HDR Brachytherapy for Lung Cancer

Mark


1. Introduction


High Dose Rate brachytherapy is used to give an added radiation dose to lung cancers that are located in the major bronchi ( the breathing passages). While increasing the dose to the tumor, HDR, due to its short treatment distance, minimizes the radiation dose given to sensitive nearby tissues such as adjacent normal lung, heart, esophagus and the spinal cord. HDR brachytherapy is also used to treat recurrent endobronchial tumors where additional surgery and external beam radiation therapy are no longer options. "In cases of the tumor being in the lung tissue, rather than the bronchi, external beam radiation therapy, not HDR, is the appropriate therapy."

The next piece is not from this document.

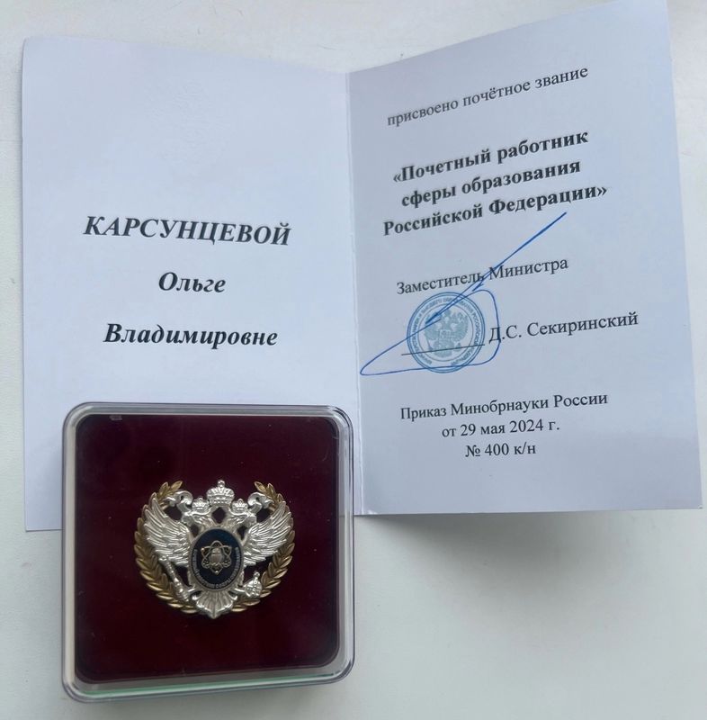 На заседании Ученого совета Самарского Политеха состоялась торжественная церемония награждения: Ольга Карсунцева, директор Сызранского филиала СамГТУ, доктор экономических наук была удостоена почетного звания «Почетный работник сферы образования Российской Федерации». Свою карьеру в Сызранском филиале Ольга Владимировна начала в 2004 году, и с тех пор она прошла путь от преподавателя до профессора кафедры «Экономика» и директора филиала. Ее научные достижения охватывают важнейшие аспекты развития машиностроительного комплекса, инновационной деятельности, достижения технологического суверенитета РФ.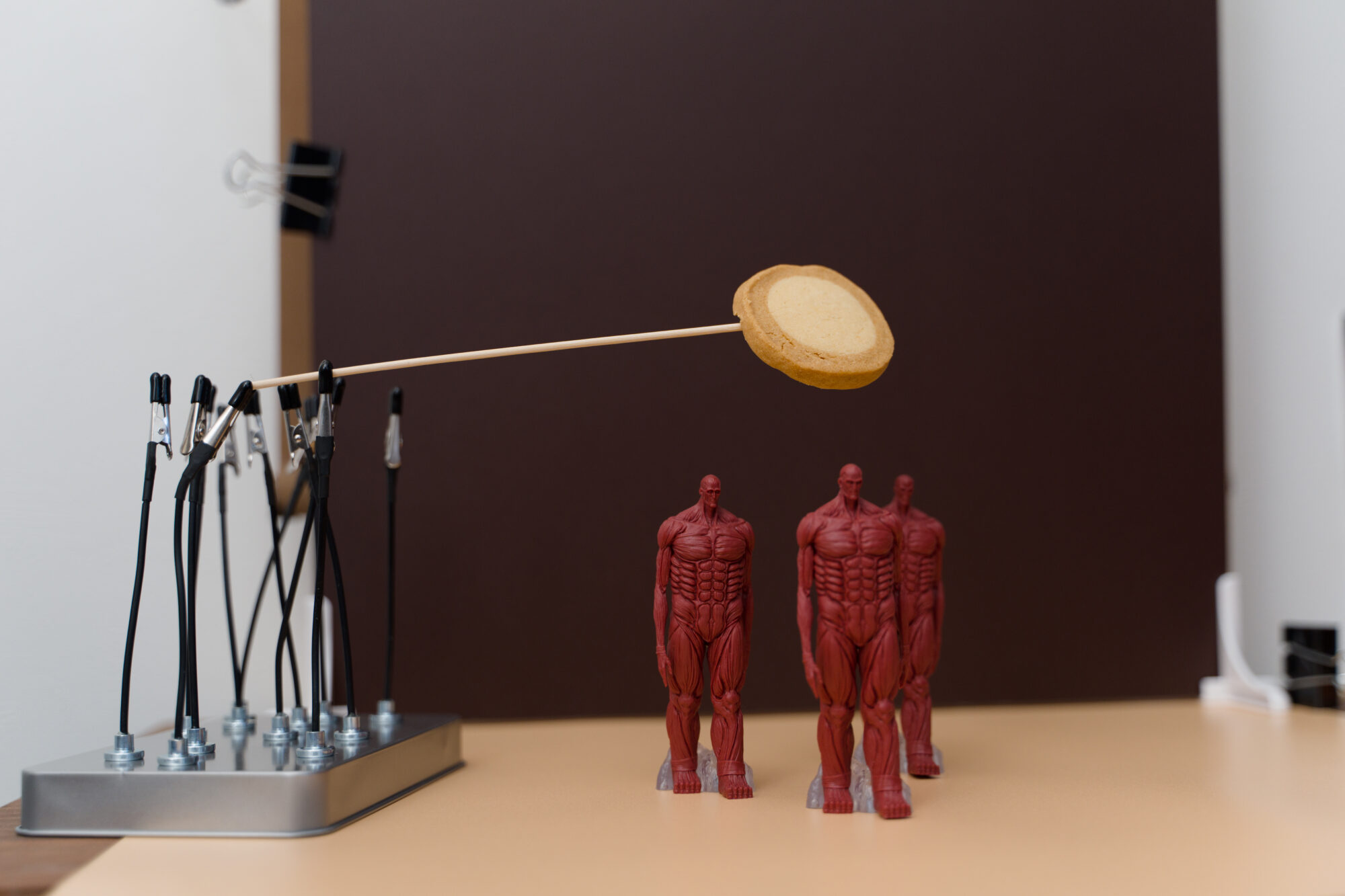 この時はメッシュワイヤーとテグスを使って、マカロンを宙吊りにして撮影。

2. Surgery and HDR Procedure

The patient is made comfortable on the treatment table with intravenous conscious sedation that is typically used in standard bronchoscopic procedures. Topical anesthetic is applied to the back of the nose and throat. An instrument called a bronchoscope is used to locate and evaluate the extent of the tumor. A bronchoscope is a flexible tube that contains a hollow channel and a fiber-optic camera. The pulmonologist inserts the bronchoscope through the nose, past the vocal cords and into the affected bronchus. When the bronchoscope is in position near the tumor, a thin catheter that the radioactive source will travel through is inserted into the bronchoscope. The pulmonologist can see the catheter as it emerges from the end of the bronchoscope. The bronchoscope is then removed, leaving the catheter in place. Usually two catheters are inserted. Special x-ray films are taken in order evaluate the catheter placement and do the computerized treatment plan. When the plan has been approved by the physician, the protruding ends of the catheters are attached to the HDR afterloader, which directs the radioactive source to the precise location in the catheters to deliver the prescribed radiation dose.
Fig 1: AP (front) radiograph of three treatment catheters placed in the bronchi to encompass the lesion that is obstructing air from reaching the left upper lobe of this patient.
After the treatment, the catheters are removed, the patient recovers quickly and then goes home. Usually, three or four treatments are given. Successful treatment opens the bronchi, (improving breathing), and reduces bleeding (hemoptysis).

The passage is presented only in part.